'Tibet will be stable even if he passes away'
By Cui Jia (China Daily)
Updated: 2011-03-08 07:50
BEIJING - The Dalai Lama's death will not affect the Tibet autonomous region's overall situation but will likely have some minor impacts, a high-ranking official said on Monday.
"As a religious character, the Dalai Lama does have some influence over his believers," Qiangba Puncog, head of the standing committee of the autonomous region's people's congress and former chairman of Tibet, said at the annual session of the National People's Congress in Beijing.
The 14th Dalai Lama fled to India and created the self-declared "Tibetan government-in-exile" after the central government foiled an armed rebellion he and supporters staged in 1959. The-76-year-old was blamed for fomenting the bloody riot on March 14, 2008, in the autonomous region's capital Lhasa that killed at least 18 people and injured 400.
"It's not that the anti-Chinese forces and the Dalai clique haven't thought of stirring up unrest in Tibet since the March 14 incident," Party chief of the autonomous region Zhang Qingli said.
"But the fact is that they haven't been able to do so because Tibetans know how precious peace is."
Zhang said the March 14 incident was the most personally upsetting experience he dealt with since he became Party chief nearly six years ago.

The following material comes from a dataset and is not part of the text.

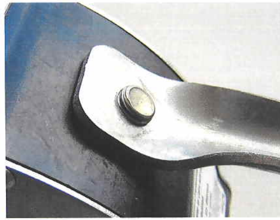
Bad – Unswaged (cup shaped) Screw

Upon inspection, if any units are found to have unswaged screws (one or both), immediately remove the unit from service. Complete the attached shipping form and return the unit and the shipping form to MSA at the address provided below:

He also calls the Dalai Lama a "wolf in monk's robes" because he had done things beneath his status as a Living Buddha.
"I am extremely angry with the Dalai clique for kidnapping peace from us," Zhang said.
"I dare not say that Tibet will not see any incidents, big or small, ever again. But I dare say that the current situation in Tibet is generally stable, and the Tibetan people wish for stability and object to trouble-making."
Chairman of the autonomous region Padma Choling said many people have misconceptions about Tibet's realities after the March 14 riot.
"Some people think of Tibet as a troubled place, but they are wrong," he said.
"Actually, Tibet has always been stable and always will be. Some trivial incidents, such as the March 14 riot, are just isolated cases."
The Dalai Lama has said the institution of reincarnation might be abolished after his death. But his words should be disregarded, Padma Choling said.
He said Tibetan Buddhism's history spans more than 1,000 years, and the reincarnation institutions of the Dalai and Panchen lamas have continued for several hundred years.
"We must respect the historical institutions and religious rituals of Tibetan Buddhism. I am afraid it is not up to anyone to abolish the reincarnation institution," he said.
Zhang also explained why the government limits the number of foreigners allowed into the Tibet.
"In some rare cases and locations, the restrictions on foreign tourists to Tibet have been imposed due to concerns of Tibet's capacity to receive tourists and their safety," he said.
Tibet only has more than 1,000 hotels with 80,000 beds, so it is not feasible to allow everyone into Tibet during peak seasons, he added.